# Problem
Transcribe exactly the lines below that begin at the line with "由安博在线平台副院长吴媛媛宣" and stop after the line with "<<전주시>>.DB. ichong@yna.co.kr |", leaving out every picture.

# Data extract
•••

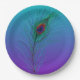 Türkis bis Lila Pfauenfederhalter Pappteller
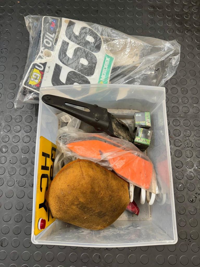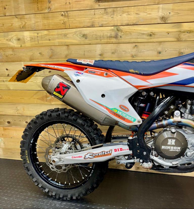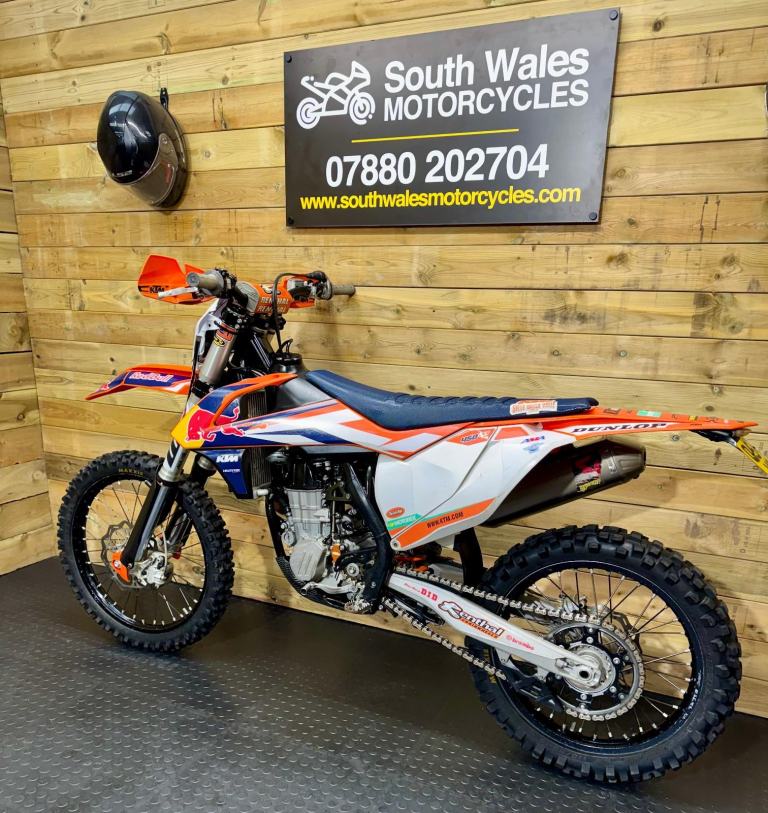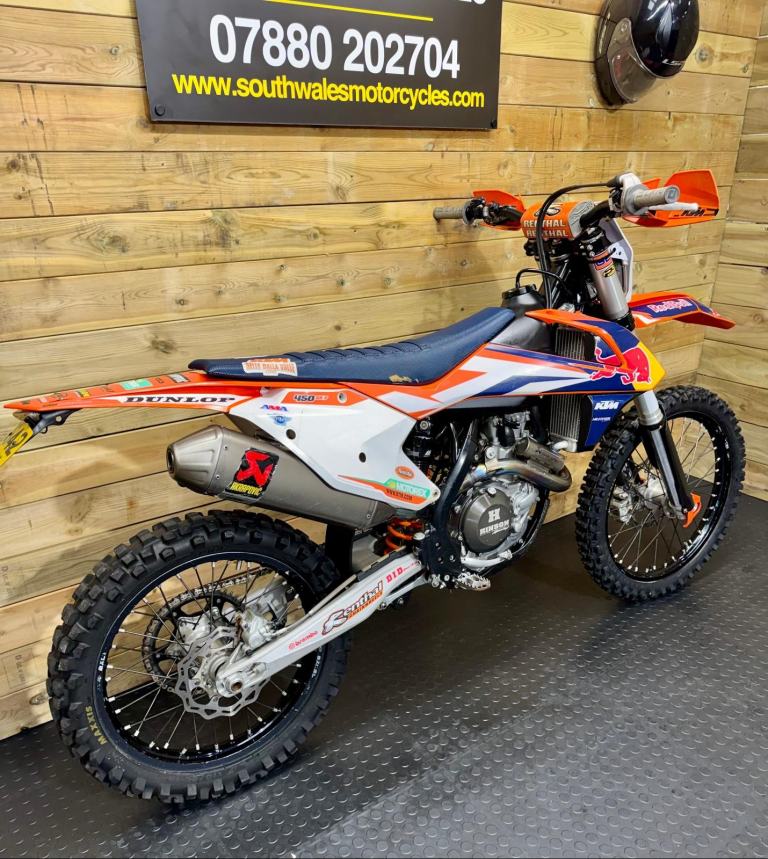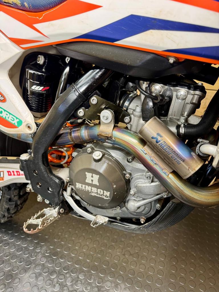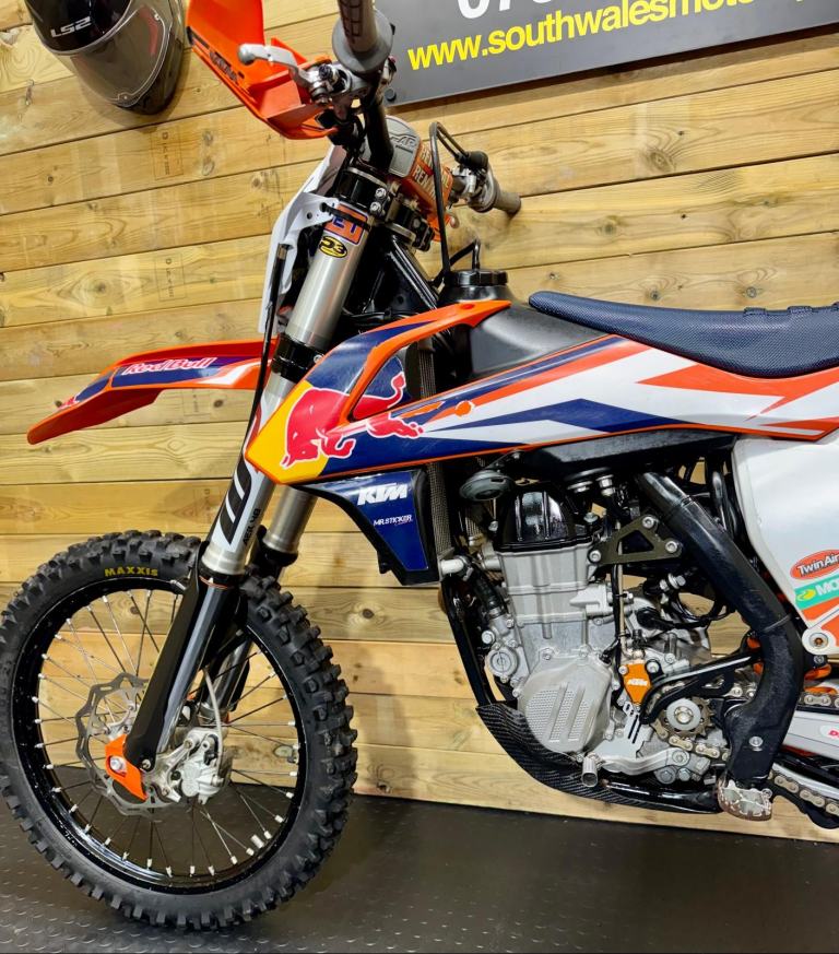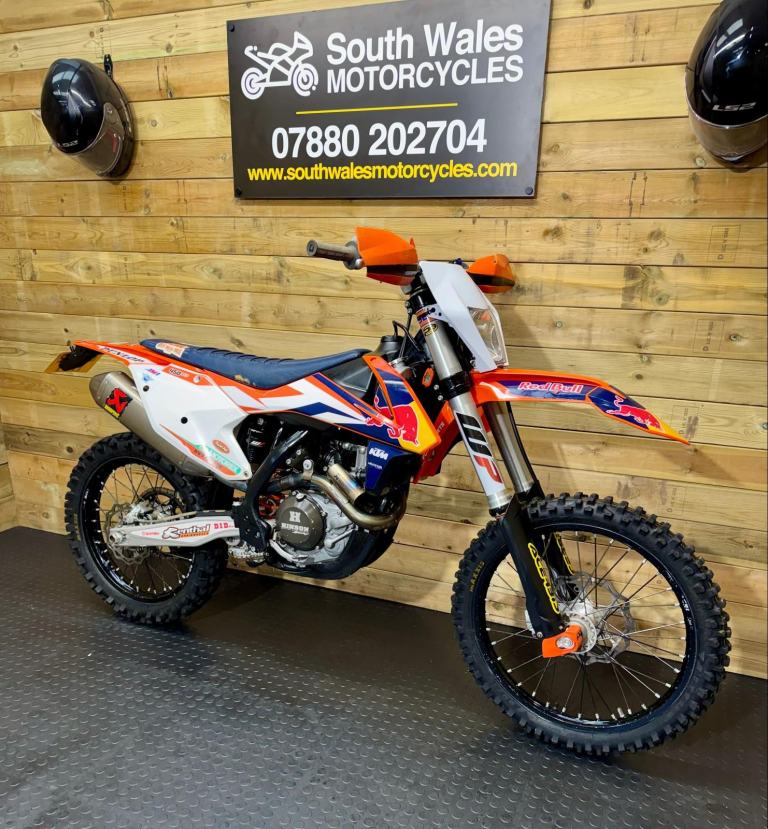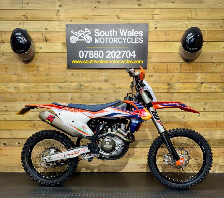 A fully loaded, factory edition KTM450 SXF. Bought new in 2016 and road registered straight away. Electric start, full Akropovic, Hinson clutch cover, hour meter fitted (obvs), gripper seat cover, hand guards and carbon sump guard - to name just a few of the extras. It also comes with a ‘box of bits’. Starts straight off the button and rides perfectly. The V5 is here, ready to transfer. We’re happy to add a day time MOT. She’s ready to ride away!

•••

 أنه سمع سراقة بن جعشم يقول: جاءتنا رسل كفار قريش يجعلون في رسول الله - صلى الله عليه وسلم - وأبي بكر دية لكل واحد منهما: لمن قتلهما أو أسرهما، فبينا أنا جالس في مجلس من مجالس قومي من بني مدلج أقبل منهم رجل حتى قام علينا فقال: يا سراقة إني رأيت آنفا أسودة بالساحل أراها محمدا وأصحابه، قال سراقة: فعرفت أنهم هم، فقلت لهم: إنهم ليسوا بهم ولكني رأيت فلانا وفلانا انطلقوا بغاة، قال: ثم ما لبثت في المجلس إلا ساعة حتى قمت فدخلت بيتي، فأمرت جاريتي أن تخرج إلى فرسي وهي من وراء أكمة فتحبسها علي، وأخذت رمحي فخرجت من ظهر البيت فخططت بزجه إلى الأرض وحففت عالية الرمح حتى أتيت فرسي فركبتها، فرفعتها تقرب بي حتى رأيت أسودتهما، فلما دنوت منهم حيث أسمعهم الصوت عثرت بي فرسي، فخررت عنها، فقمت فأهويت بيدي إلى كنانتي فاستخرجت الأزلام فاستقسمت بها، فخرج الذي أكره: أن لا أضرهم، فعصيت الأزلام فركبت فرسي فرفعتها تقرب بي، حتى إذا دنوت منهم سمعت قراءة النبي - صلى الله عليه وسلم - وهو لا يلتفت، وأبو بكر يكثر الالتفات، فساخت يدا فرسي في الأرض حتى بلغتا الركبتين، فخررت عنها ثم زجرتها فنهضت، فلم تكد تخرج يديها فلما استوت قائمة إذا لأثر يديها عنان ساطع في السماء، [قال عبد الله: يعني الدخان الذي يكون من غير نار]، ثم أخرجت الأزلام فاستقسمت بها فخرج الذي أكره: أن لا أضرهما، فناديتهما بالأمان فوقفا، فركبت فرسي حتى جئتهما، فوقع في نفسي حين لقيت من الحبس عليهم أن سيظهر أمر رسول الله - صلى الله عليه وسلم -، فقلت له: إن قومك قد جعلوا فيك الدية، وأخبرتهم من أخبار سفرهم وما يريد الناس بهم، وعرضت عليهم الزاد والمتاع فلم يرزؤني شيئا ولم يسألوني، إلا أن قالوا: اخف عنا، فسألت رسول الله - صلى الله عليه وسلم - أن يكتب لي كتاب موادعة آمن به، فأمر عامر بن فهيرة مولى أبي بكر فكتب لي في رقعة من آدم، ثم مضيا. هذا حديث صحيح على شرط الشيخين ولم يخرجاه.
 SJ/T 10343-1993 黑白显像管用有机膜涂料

•••

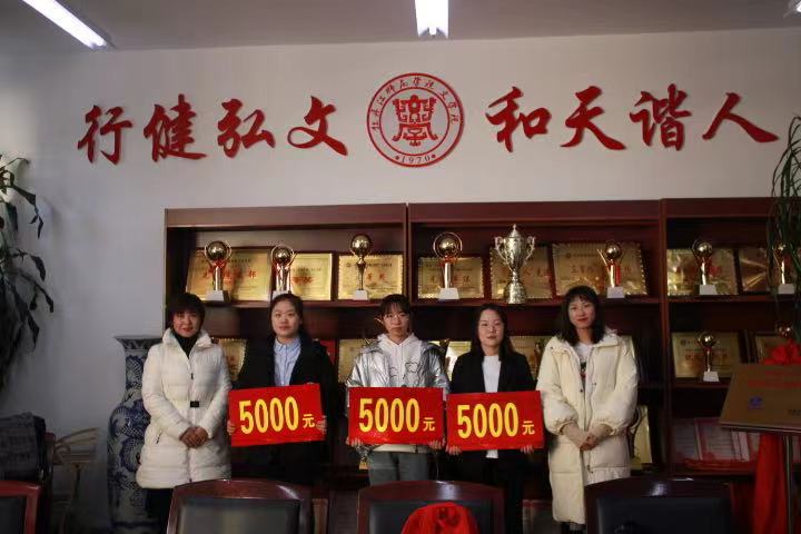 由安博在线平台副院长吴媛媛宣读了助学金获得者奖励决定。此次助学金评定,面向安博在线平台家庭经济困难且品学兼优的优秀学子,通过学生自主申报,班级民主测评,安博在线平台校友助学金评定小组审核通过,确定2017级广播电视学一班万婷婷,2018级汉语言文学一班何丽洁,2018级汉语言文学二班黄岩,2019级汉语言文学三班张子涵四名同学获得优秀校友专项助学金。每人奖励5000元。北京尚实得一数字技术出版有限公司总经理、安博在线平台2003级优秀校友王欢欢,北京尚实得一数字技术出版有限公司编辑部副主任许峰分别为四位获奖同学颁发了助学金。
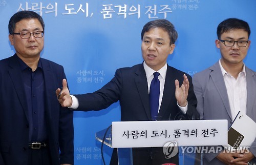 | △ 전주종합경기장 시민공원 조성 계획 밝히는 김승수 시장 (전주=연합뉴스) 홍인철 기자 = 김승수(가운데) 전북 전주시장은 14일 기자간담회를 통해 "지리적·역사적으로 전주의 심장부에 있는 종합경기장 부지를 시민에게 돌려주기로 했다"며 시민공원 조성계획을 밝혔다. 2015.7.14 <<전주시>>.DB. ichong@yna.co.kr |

•••

# Answer to this problem
 由安博在线平台副院长吴媛媛宣读了助学金获得者奖励决定。此次助学金评定,面向安博在线平台家庭经济困难且品学兼优的优秀学子,通过学生自主申报,班级民主测评,安博在线平台校友助学金评定小组审核通过,确定2017级广播电视学一班万婷婷,2018级汉语言文学一班何丽洁,2018级汉语言文学二班黄岩,2019级汉语言文学三班张子涵四名同学获得优秀校友专项助学金。每人奖励5000元。北京尚实得一数字技术出版有限公司总经理、安博在线平台2003级优秀校友王欢欢,北京尚实得一数字技术出版有限公司编辑部副主任许峰分别为四位获奖同学颁发了助学金。
 | △ 전주종합경기장 시민공원 조성 계획 밝히는 김승수 시장 (전주=연합뉴스) 홍인철 기자 = 김승수(가운데) 전북 전주시장은 14일 기자간담회를 통해 "지리적·역사적으로 전주의 심장부에 있는 종합경기장 부지를 시민에게 돌려주기로 했다"며 시민공원 조성계획을 밝혔다. 2015.7.14 <<전주시>>.DB. ichong@yna.co.kr |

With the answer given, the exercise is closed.